Kos provides some great insight into the scuffle here.  In short, he points out that many elected officials have not adapted to the new information environment in which their attempts at spin can be placed directly next to their original words.  Bachmann has tried to claim that the liberal media is twisting her words.  That’s a lot harder to do when her words themselves are placed prominently on display, in context, at a moments’ notice.  The online information environment is one where data doesn’t dissipate into the ether.  Instead, it lies there in the soup, waiting for an elite actor with a giant audience to dip in and rescue it from obscurity.  And in this environment, losing the news cycle can have much greater consequences than it used to.  $700K in a weekend.  Game-changing money, and a potential change in electoral outcome, all because of a stupid TV interview.  That, my friends, is the effect of YouTube (looped in with a suite of other tools, and placed in the hands of an emerging set of new interest group elites) on 21st century electoral politics.

[And yeah, if Tinklenberg pulls this thing off, you can pretty much count on seeing this blog post, in updated form and with plenty of data behind it, as a conference paper submission from me in April.  For any other internet & politics researchers out there, this is me calling dibs!]

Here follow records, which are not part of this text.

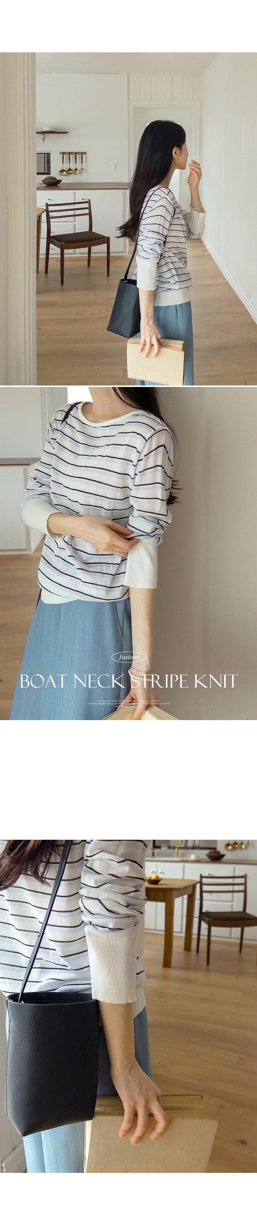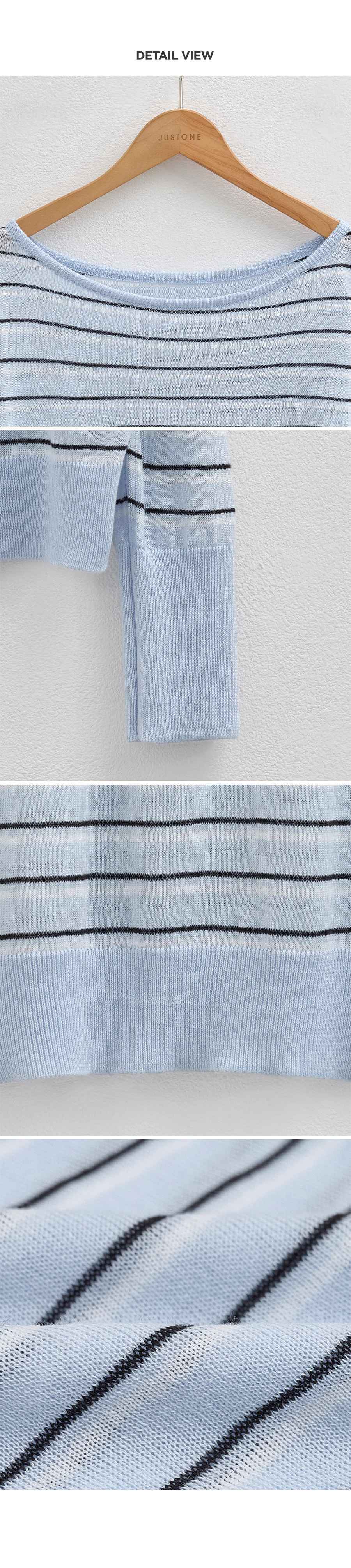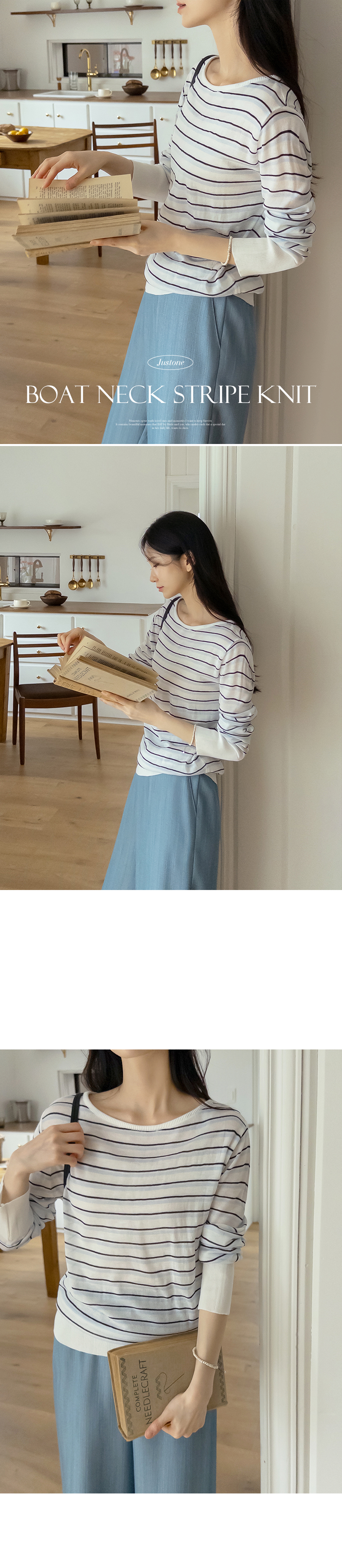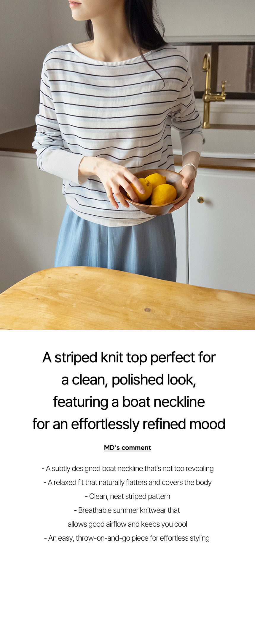 This knitwear features a gently flared boat neckline that highlights the collarbone, a subtle stripe pattern for a stylish touch, and a lightweight, breathable fabric that makes it perfect even for midsummer wear.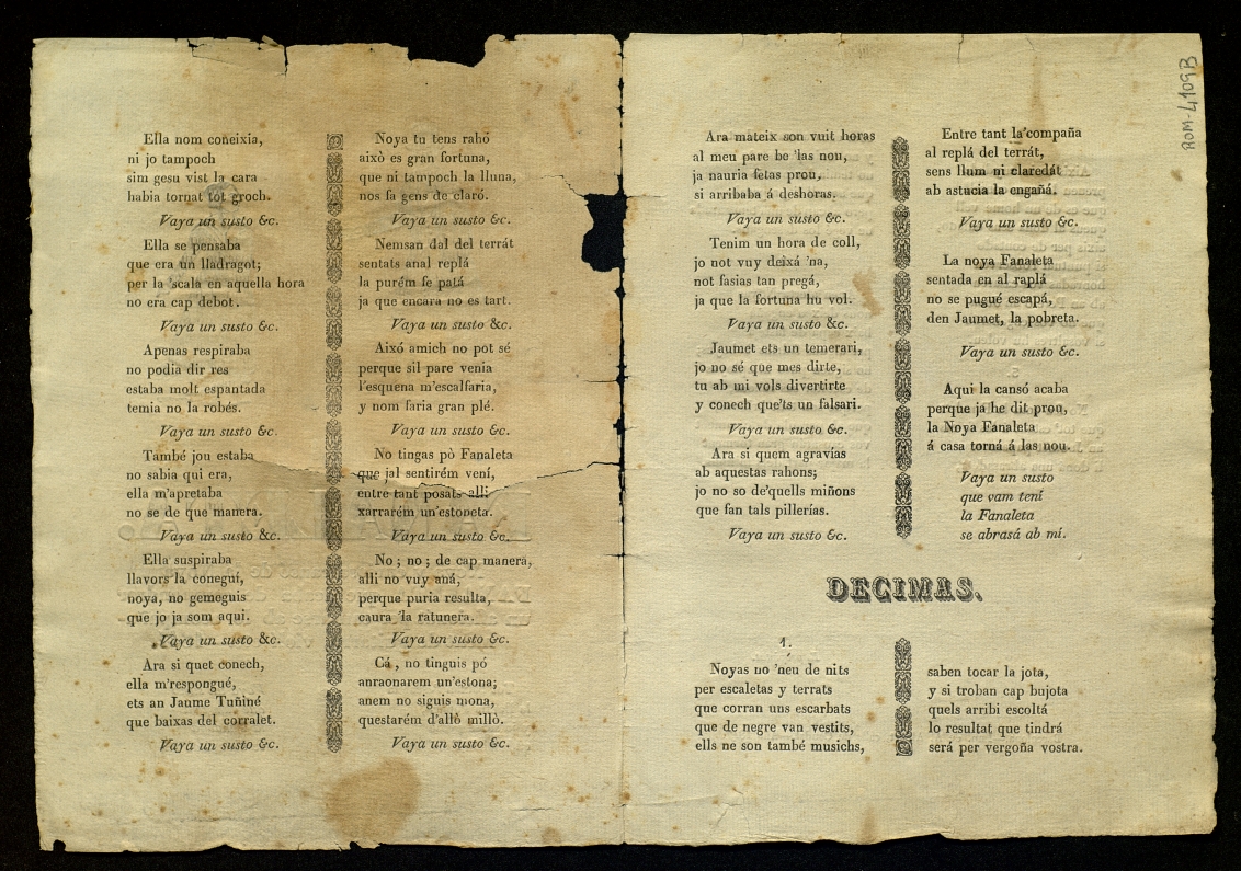 (1847) "La fanaleta : nova i curiosa cansó de la Noya FANALETA que acaba de compondrer un aficionát ... ; Decimas". Centre de Documentació de Cultura Popular. <http://hdl.handle.net/10687/297749>. [Consulta: ]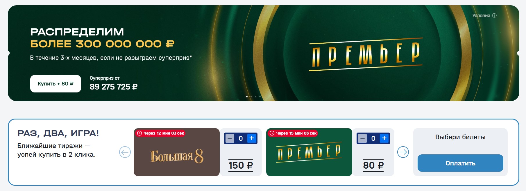 - Раздел Суперэкспресс с актуальными розыгрышами и размером джекпота.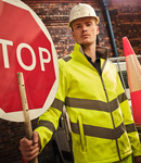 Two layer soft shell. Warm backed polyester soft shell outer layer, made from at least 50% recycled polyester. Conforms to EN ISO 20471: 2013 + A1: 2016 class 3. RIS-3279-TOM (orange only). Showerproof. Full length contrast zip. Two angled ID reflective tape bands around the body, sleeves and one on each shoulder. Two front zip pockets. Open cuffs and hem. Branded tab on lower left side seam.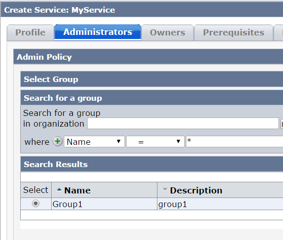 Click submit and repeat the steps to Create a Service. You should now see this when browsing for a group: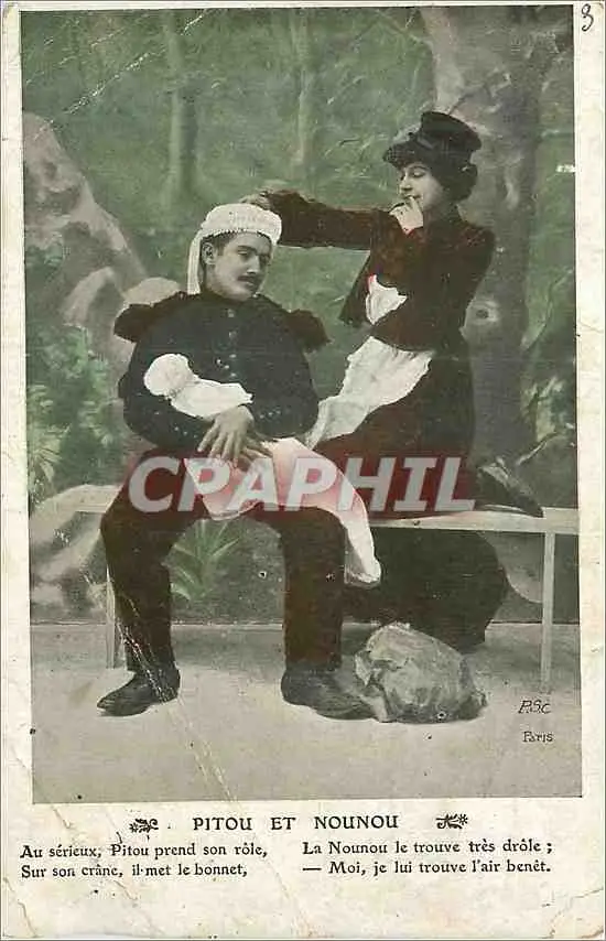 Cartes postales Pitou et Nounou Au Serieux Pitou prend son Role Sur son Crane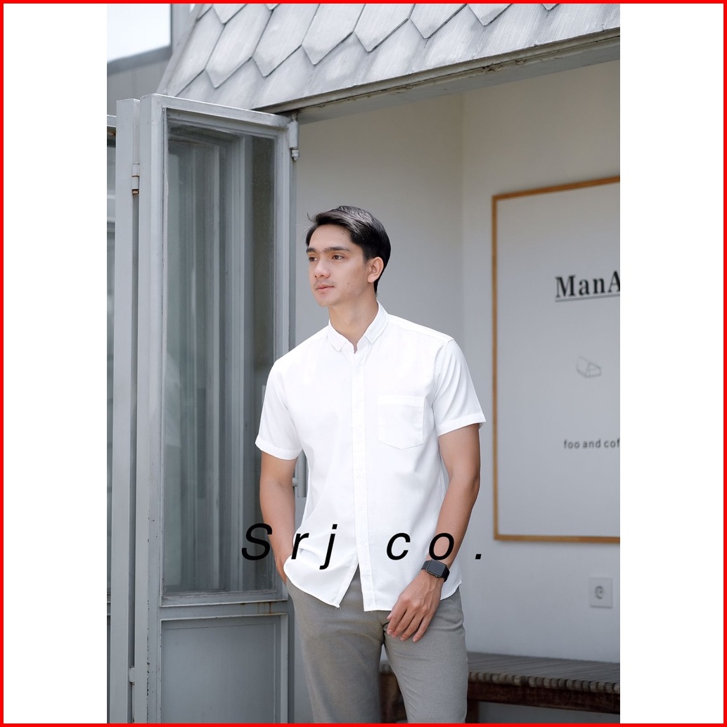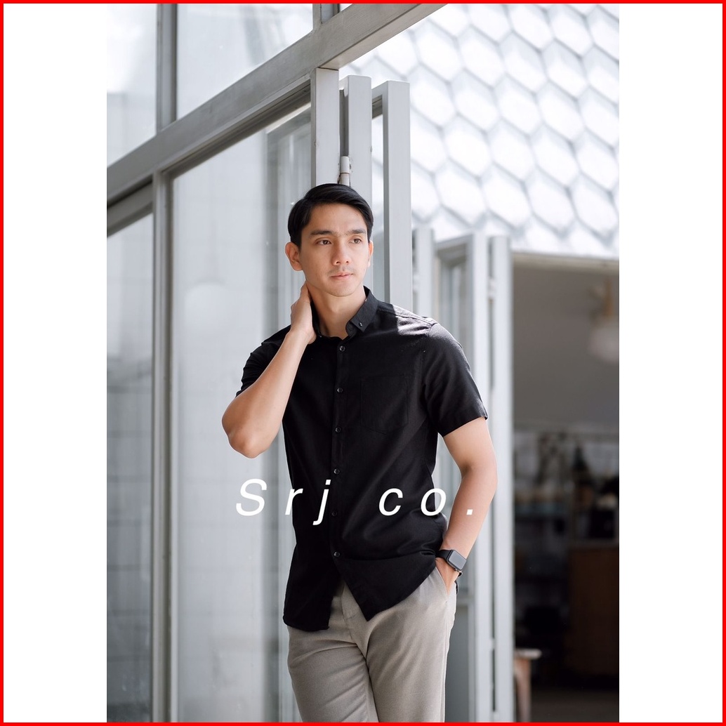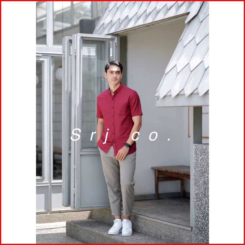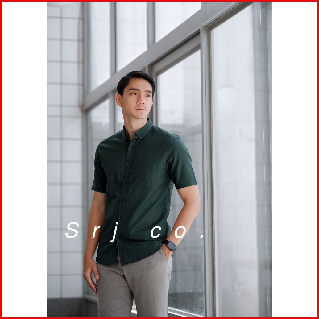 Kemeja Polos Pria Lengan Pendek Kemeja Kasual Pria Warna Hijau Botol

Obama Advertising in Video Games 1

It turns out that beverage companies and shoe manufacturers aren’t the only ones trying to reach TV-disconnected males, ages 18-34.

Presidential candidate Barack Obama is making history again, buying campaign ads in Microsoft X-Box Live games. This is the first video game ad buy for a political campaign.

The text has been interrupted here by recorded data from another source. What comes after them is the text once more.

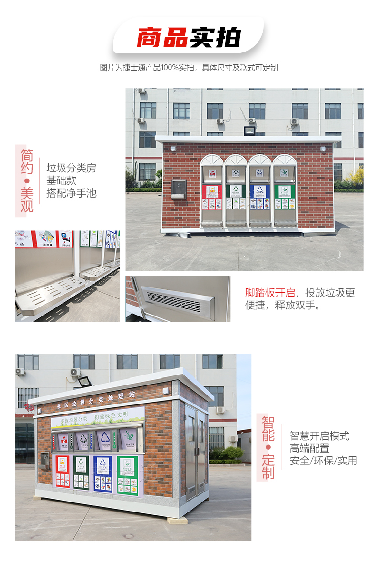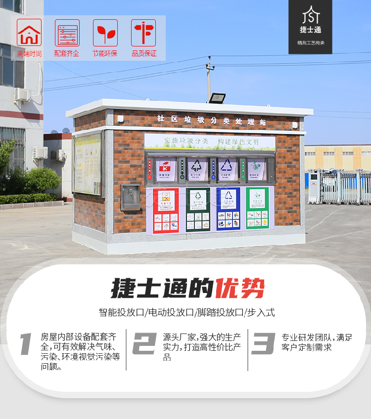 捷士通廠家擁有關(guān)于環(huán)保垃圾分類投放點(diǎn)豐富的設(shè)計(jì)、生產(chǎn)、銷售經(jīng)驗(yàn),可承接大中小型項(xiàng)目,歡迎您的咨詢。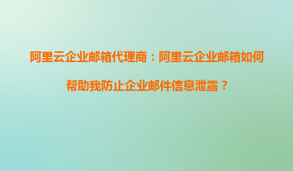 阿里云企業(yè)郵箱代理商:阿里云企業(yè)郵箱如何幫助我防止企業(yè)郵件信息泄露?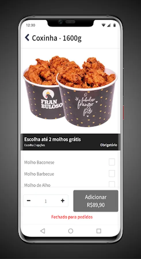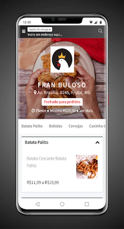 App to order directly at Fran Buloso restaurant in Frutal-MG.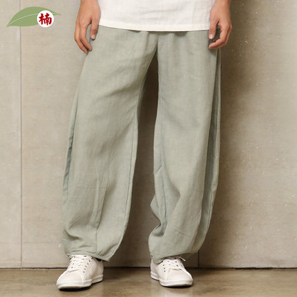 中国风全麻裤男夏季加肥苎麻男裤僧裤宽松长裤唐装收口裤子丹墨
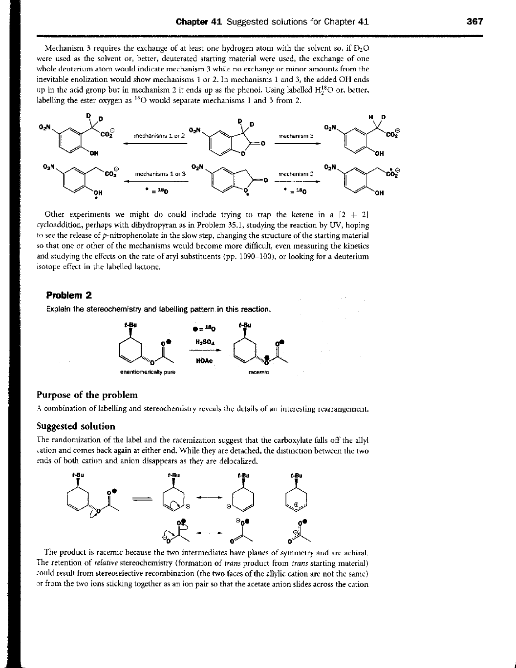Chapter 41 Suggested solutions for Chapter 41 367 Mechanism 3 requires the exchange of at least one hydrogen atom with the solvent so, if D₂O were used as the solvent or, better, deuterated starting material were used, the exchange of one whole deuterium atom would indicate mechanism 3 while no exchange or minor amounts from the inevitable enolization would show mechanisms 1 or 2. In mechanisms 1 and 3, the added OH ends up in the acid group but in mechanism 2 it ends up as the phenol. Using labelled or, better, labelling the ester oxygen as would separate mechanisms 1 and 3 from 2. D D H D D D mechanisms 1 or 2 mechanism 3 0 OH 0 OH CO₂ mechanisms 1 or 3 mechanism 2 0 OH = 0 = 180 OH Other experiments we might do could include trying to trap the ketene in a [2 + cycloaddition, perhaps with dihydropyran as in Problem 35.1, studying the reaction by UV, hoping to see the release of p-nitrophenolate in the slow step, changing the structure of the starting material so that one or other of the mechanisms would become more difficult, even measuring the kinetics and studying the effects on the rate of aryl substituents (pp. 1090-100), or looking for a deuterium isotope effect in the labelled lactone. Problem 2 Explain the stereochemistry and labelling pattern in this reaction. t-Bu = 180 t-Bu 0 HOAc 0 enantiomerically pure racemic Purpose of the problem A combination of labelling and stereochemistry reveals the details of an interesting rearrangement. Suggested solution The randomization of the label and the racemization suggest that the carboxylate falls off the allyl cation and comes back again at either end. While they are detached, the distinction between the two ends of both cation and anion disappears as they are delocalized. t-Bu t-Bu t-Bu t-Bu 0 + 0 0 0 0 0 The product is racemic because the two intermediates have planes of symmetry and are achiral. The retention of relative stereochemistry (formation of trans product from trans starting material) could result from stereoselective recombination (the two faces of the allylic cation are not the same) or from the two ions sticking together as an ion pair so that the acetate anion slides across the cation

The ad buy reaches gamers in swing states with internet-connected X-Box systems. Ads appear in games such as Burnout and Madden NFL 09.

This is smart of the Obama campaign. He has an unbelievable edge among young voters, leading in polls by anywhere from 15 to 35 points. (Kerry, a far less exciting candidate, won the youth vote by 9 points.)

The ads are a reasonable development at a time in which young people, especially young men, watch TV (via television sets, at least) in rapidly diminishing numbers. The strategy complements the campaign’s well-documented push with web ads, social networking sites, and distributed peer-to-peer campaigning.

How taken-for-granted is it that young folks are better reached in nontraditional ways? One tech blog dismisses this historic development: “Obama ads in video games? So what?

For a campaign with a boatload of cash, a huge edge in the historically under-represented youth demographic, and an all-of-the-above strategy for turning them out to the polls, this is quite a smart play.